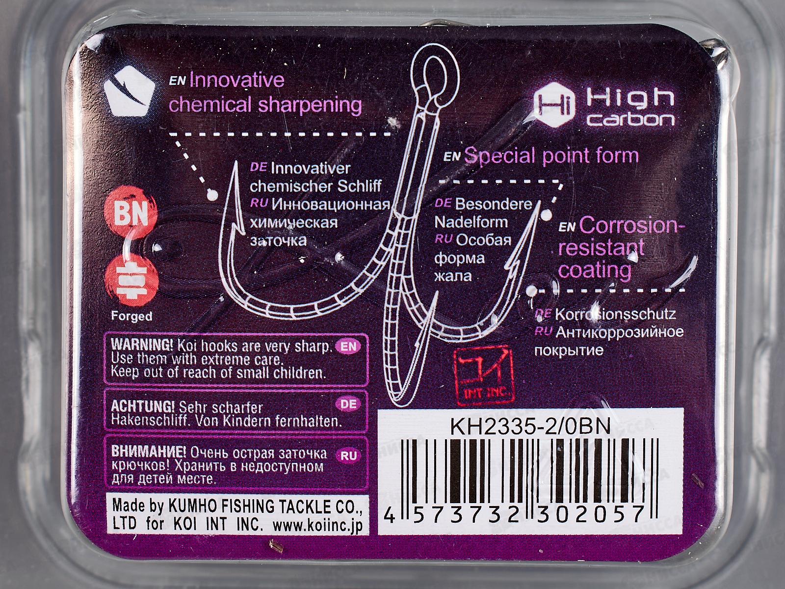Крючок KOI "WEEDLESS TREBLE HOOK" размер 2/0 (INT) цвет BN тройник незацепляйка (5шт) 2335-2/0BN
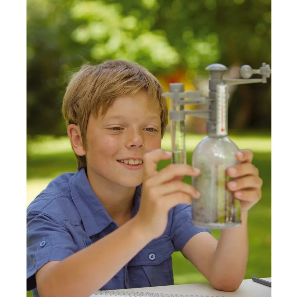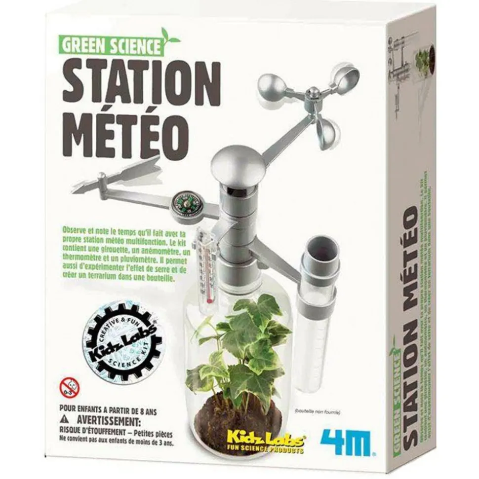 Kit scientifique station météo Observe et note le temps qu’il fait avec ta propre station météo multifonctions. Le kit contient une girouette, un anémomètre, un thermomètre et un pluviomètre. Il permet aussi d’expérimenter l’effet de serre et de réaliser un terrarium dans une bouteille. Pour enfants à partir de 8 ans. Avertissement : risque d’étouffement, petites pièces ; interdit aux enfants de moins de 3 ans. Bouteille non fournie.
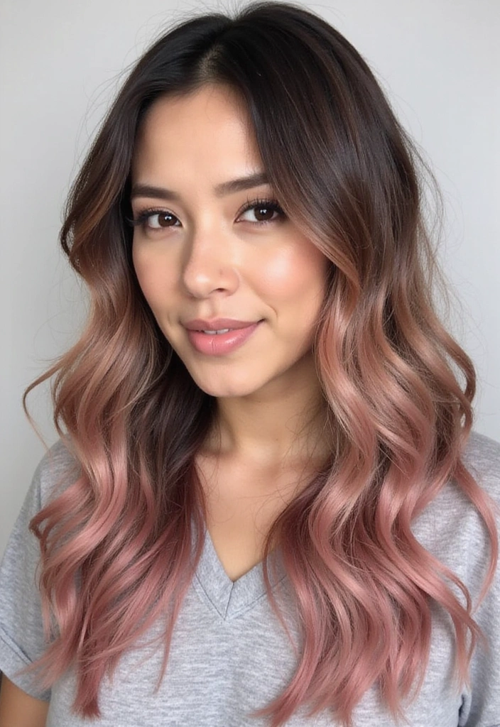 Soft rose gold highlights are a trendy option for anyone looking to add a romantic touch to their dark brown balayage. This delicate blend of pink and gold hues provides a soft, feminine look that shines in natural light. It’s perfect for those wanting a playful yet chic hairstyle!

What to produce
Write the listing above out again exactly, but not the images it holds.

Expected answer
Крючок KOI "WEEDLESS TREBLE HOOK" размер 2/0 (INT) цвет BN тройник незацепляйка (5шт) 2335-2/0BN
 Kit scientifique station météo Observe et note le temps qu’il fait avec ta propre station météo multifonctions. Le kit contient une girouette, un anémomètre, un thermomètre et un pluviomètre. Il permet aussi d’expérimenter l’effet de serre et de réaliser un terrarium dans une bouteille. Pour enfants à partir de 8 ans. Avertissement : risque d’étouffement, petites pièces ; interdit aux enfants de moins de 3 ans. Bouteille non fournie.
 Soft rose gold highlights are a trendy option for anyone looking to add a romantic touch to their dark brown balayage. This delicate blend of pink and gold hues provides a soft, feminine look that shines in natural light. It’s perfect for those wanting a playful yet chic hairstyle!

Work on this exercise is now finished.